Alle Videos, Bilder, E-Mails und sonstige Dateien von 600 Smartphones können in dieser geringen Menge an Erbsubstanz gespeichert werden, die sich in dem Teströhrchen (rechts) befindet. Bild: Tara Brown Photography/University of Washington

Alle Daten der Welt in einem Kilo verpackt, fehlerfrei gesichert bis ans Ende der Tage? Mit Chips bräuchte es dazu nicht nur eines Energiewunders. Zwei Biologen haben einen „DNA-Brunnen“ programmiert, der die Erbsubstanz als Datenspeicher sexy macht.

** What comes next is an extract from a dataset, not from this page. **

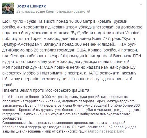 Абсолютно топорная провокация. По аналогии с Корейским боингом 1983 тут даже не шифровались особо. Но, это все может стать новым Франц Ферденандом. 1914 - 2014 история очень любит повторяться. С чудовищной частотой.

          Kein Datenspeicher der Welt und auch alle Magnetspulen zusammen würden es nicht schaffen, sämtliche digitalen Daten abzuspeichern, die heute rund um den Globus produziert werden. Mit dem Erbmaterial DNA wäre das eine Leichtigkeit. Buchstäblich. Ein Kilogramm der Erbsubstanz, die chemisch als Desoxyribonukleinsäure bezeichnet wird und wie ein langer, unsichtbarer und extrem dünner kodierter „Lebensfaden“ in jeder unserer Körperzellen schwimmt, würde theoretisch  ausreichen, die gesamten Daten der Welt abzuspeichern – und zwar  Hunderttausende von Jahren lang, sofern die DNA kühl und trocken gelagert wird.  Das Leben selbst hat es vorgemacht. Höhlenfunde von menschlichen Knochenfragmenten haben gezeigt, dass im Genom jeder Zelle Gigabyte an genetischen Daten mit dem Bauplan des Menschen praktisch unbeschadet erhalten bleiben. Die Frage ist nur: Kann man so einen hocheffizienten molekularen Datenspeicher auch technologisch herstellen – und zu konkurrenzfähigen Preisen? 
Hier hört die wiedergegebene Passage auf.